GTM (Generalized Topic Model)

  • Learns topics on the simplex
  • Supports dirichlet or logistic_normal priors (optionally conditioned on covariates)

IdealPointNN

  • Learns unconstrained latent variables (ℝ️ⁿ) for ideal point modeling
  • Designed for political texts, images, audio and video recordings, surveys, and votes
  • Uses a gaussian prior (optionally conditioned on covariates)

Installation

From PyPI (Recommended)

pip install deeplatent

From Source

git clone https://github.com/PinchOfData/DeepLatent.git  
cd deeplatent
pip install -e .

Development Installation

git clone https://github.com/PinchOfData/DeepLatent.git 
cd deeplatent
python setup_dev.py

🚀 Getting Started

1. Prepare Your Data with Corpus()

Supports text, embeddings, votes, and survey questions:

import sys
sys.path.append('../src/')

from corpus import Corpus

modalities = {
    "text": {
        "column": "doc_clean",
        "views": {
            "bow": {
                "type": "bow",
                "vectorizer": CountVectorizer()
            }
        }
    },
    "image": {
        "column": "image_path",
        "views": {
            "embedding": {
                "type": "embedding",
                "embed_fn": my_image_embedder
            }
        }
    }
}

my_dataset = Corpus(df, modalities=modalities)

Optionally include metadata:

  • prevalence, content, labels, prediction

2. Train a Model

For Topic Models:

from models import GTM

model = GTM(
    n_topics=20, 
    doc_topic_prior="logistic_normal",
    ae_type="wae"
)

For Ideal Point Models:

from models import IdealPointNN

model = IdealPointNN(
    n_ideal_points=1, # one-dimensional ideal point model
    ae_type="vae"
)

🔧 Common Options

Argument Description
ae_type "wae" (Wasserstein autoencoder) or "vae" (variational autoencoder) or "ae" (plain autoencoder)
fusion "poe" (Product of Experts), "moe_gating" (Mixture of Experts), or "moe_average" (Simple averaging across modalities)
update_prior Learn a structured prior conditioned on prevalence covariates
w_prior Strength of prior alignment for wae
w_pred_loss Weight of supervised loss predicting label
kl_annealing_* Strength of prior alignment for vae.
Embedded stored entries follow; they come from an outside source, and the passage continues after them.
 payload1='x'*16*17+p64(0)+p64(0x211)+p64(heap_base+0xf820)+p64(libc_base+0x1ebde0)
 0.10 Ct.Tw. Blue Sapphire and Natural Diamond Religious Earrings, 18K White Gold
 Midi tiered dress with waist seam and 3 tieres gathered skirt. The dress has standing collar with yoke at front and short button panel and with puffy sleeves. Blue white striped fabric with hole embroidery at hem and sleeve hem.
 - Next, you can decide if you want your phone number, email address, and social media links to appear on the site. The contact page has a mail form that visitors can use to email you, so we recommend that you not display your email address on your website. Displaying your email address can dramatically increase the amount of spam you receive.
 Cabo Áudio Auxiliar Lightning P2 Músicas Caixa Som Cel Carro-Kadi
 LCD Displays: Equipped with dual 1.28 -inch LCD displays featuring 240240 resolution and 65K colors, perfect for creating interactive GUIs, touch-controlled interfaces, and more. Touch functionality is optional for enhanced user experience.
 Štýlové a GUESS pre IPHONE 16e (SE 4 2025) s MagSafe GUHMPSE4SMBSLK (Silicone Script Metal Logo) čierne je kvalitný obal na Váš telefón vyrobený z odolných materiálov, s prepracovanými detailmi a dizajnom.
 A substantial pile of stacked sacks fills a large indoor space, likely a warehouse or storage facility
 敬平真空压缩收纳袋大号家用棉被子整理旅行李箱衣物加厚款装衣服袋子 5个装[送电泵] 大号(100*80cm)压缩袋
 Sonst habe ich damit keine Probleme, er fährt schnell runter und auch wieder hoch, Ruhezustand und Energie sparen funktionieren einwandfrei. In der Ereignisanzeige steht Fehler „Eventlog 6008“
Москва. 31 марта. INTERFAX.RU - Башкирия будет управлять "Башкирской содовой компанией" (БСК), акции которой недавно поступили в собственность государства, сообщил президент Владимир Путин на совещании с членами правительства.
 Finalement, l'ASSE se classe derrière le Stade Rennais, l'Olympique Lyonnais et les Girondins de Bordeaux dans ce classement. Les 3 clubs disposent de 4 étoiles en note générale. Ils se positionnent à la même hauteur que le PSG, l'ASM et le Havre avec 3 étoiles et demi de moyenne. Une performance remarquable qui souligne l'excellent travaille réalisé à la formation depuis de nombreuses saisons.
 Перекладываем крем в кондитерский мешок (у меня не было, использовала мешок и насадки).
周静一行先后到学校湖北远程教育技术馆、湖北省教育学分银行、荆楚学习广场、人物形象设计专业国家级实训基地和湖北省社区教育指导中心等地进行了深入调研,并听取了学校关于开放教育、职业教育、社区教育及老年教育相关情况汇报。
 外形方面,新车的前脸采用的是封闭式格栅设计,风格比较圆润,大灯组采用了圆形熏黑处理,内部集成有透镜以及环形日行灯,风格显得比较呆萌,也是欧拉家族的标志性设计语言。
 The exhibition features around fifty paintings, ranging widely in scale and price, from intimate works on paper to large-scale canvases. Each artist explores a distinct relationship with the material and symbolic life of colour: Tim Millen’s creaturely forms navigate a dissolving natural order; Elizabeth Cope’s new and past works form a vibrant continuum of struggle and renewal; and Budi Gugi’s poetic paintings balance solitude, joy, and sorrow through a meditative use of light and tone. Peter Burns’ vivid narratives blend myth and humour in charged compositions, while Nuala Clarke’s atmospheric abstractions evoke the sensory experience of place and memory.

Helps preventing posterior collapse.

🔍 Analysis and Utilities

📚 Topic Models (GTM)

  • get_topic_words() – top words per topic
  • get_covariate_words() – word shifts by content covariates
  • get_top_docs() – representative documents
  • get_topic_word_distribution() – topic-word matrix
  • get_covariate_word_distribution() – word shift matrix
  • plot_topic_word_distribution() – word clouds / bar plots
  • visualize_docs() – document embeddings (UMAP, t-SNE, PCA)
  • visualize_words() – word embeddings
  • visualize_topics() – topic embeddings

👤 Ideal Point Models (IdealPointNN)

  • get_ideal_points() – ℝ️ⁿ latent space
  • get_predictions() – supervised output
  • get_modality_weights() – fusion weights (PoE or gating)

📁 Tutorials

Check out the example notebooks to get started.

Download sample data to run some notebooks: Congressional Speeches CSV


📖 References

  • Deep Latent Variable Models for Unstructured Data , Germain Gauthier, Philine Widmer, Elliott Ash (2025)

  • The Neural Ideal Point Model , Germain Gauthier, Hugo Subtil, Philine Widmer (2025)


⚠️ Disclaimer

This package is under active development 🚧 — feedback and contributions welcome!

Project details


Download files

Download the file for your platform. If you're not sure which to choose, learn more about installing packages.

Source Distribution

deeplatent-0.1.3.tar.gz (13.7 MB view details)

Uploaded Source

Built Distribution

If you're not sure about the file name format, learn more about wheel file names.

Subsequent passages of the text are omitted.